Debate on where the chemicals originate
Though there is no proof, Benoit’s and Coe’s groups said they believe the chemicals detected in Sherbrooke may have come from Casella landfill leachate treated by the municipal wastewater plant in Newport.
Karine Godbout, president of Sherbrooke’s city environmental committee, also suggested to Radio-Canada this month that Newport could have been the source but noted that she could not confirm it.
Casella had been sending leachate — contaminated landfill liquid — to the treatment facility, which sits on a tributary of Lake Memphremagog, until a permit agreement in 2019 barred the company from doing so until 2024. But Benoit said it takes about two years for water around Newport to travel to the other end of the lake.
A report from the state Department of Environmental Conservation last February said the wastewater treatment plants in Montpelier and Newport had higher PFAS concentrations in the discharge leaving their facilities than other plants statewide.
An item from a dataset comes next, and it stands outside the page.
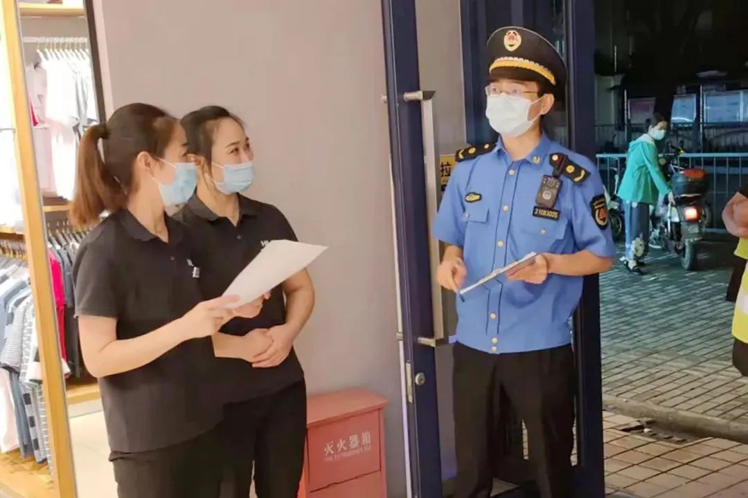 松江城管在前期发放“六个必须”告知书的基础上,执法队员逐户上门开展监督检查,重点查看“六个必须”落实情况:是否合法合规经营,严禁违反法律法规、防疫规定擅自开门经营;是否张贴“场所码”或安装“数字哨兵”,严格规范使用;是否配备合规消毒设备,开展日常消毒并做好台账记录;是否做好经营场所环境清洁工作,保持通风,生活垃圾、餐厨垃圾等做到日产日销;是否加强经营人员健康监测,规范穿戴口罩、防护面罩等;是否合理限制客流,避免店内人员聚集。

The two plants were the only ones that regularly processed landfill leachate during the study period.

Joe Fusco, a vice president of Casella, said this week that “sometimes, these (environmental) groups imply that the PFAS problem is a landfill problem.”
However, he said, “it is a broad social and environmental challenge that has been flowing from our modern lifestyle. For decades many of the products and day-to-day items used in our society contain these compounds and end up in our environment through many sources, and this is subsequently passed into the waste stream.”
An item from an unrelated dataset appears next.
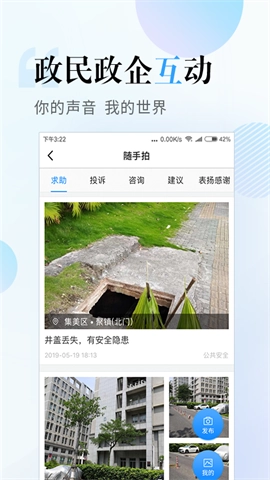 这里几乎覆盖了交通、居住证、社保、公积金等各类事务,再也不用出门来回跑了。而且首页会及时更新厦门的最新政策,我一打开就能马上获取到最新信息。最让我满意的是,市民在广场上拍摄的照片,不少是关于公共设施损坏的,上传之后相关部门会快速处理,这一点确实能让人感受到开发者的用心。

Fusco said landfills also provide “a critical environmental and human health protection by sequestering more than 90% of the PFAS mass taken in.”
As he has in the past, Fusco said he believes stakeholders have overlooked discharge into the lake on the other side of the border and called for more accountability in Canada, where he said regulations on PFAS are not as stringent.
Benoit, the Canadian environmental activist, said he finds it hard to believe PFAS could be coming from any other operation around the lake.
According to the Caledonian Record, Newport City Manager Laura Dolgin said at the Feb. 10 meeting that the city looks forward to the day that it can handle leachate at its wastewater plant.
Benoit and Coe said their groups oppose an end to the moratorium and resumption of leachate treatment at the city plant.
“It’s the drinking water, and we don’t want the leachate to come back,” said Benoit, adding, “We start again to take leachate in the lake, well, it will just go from bad to worse.”
Dolgin said this week that she “would like the ratepayers in the City of Newport to benefit from the revenue of taking leachate.”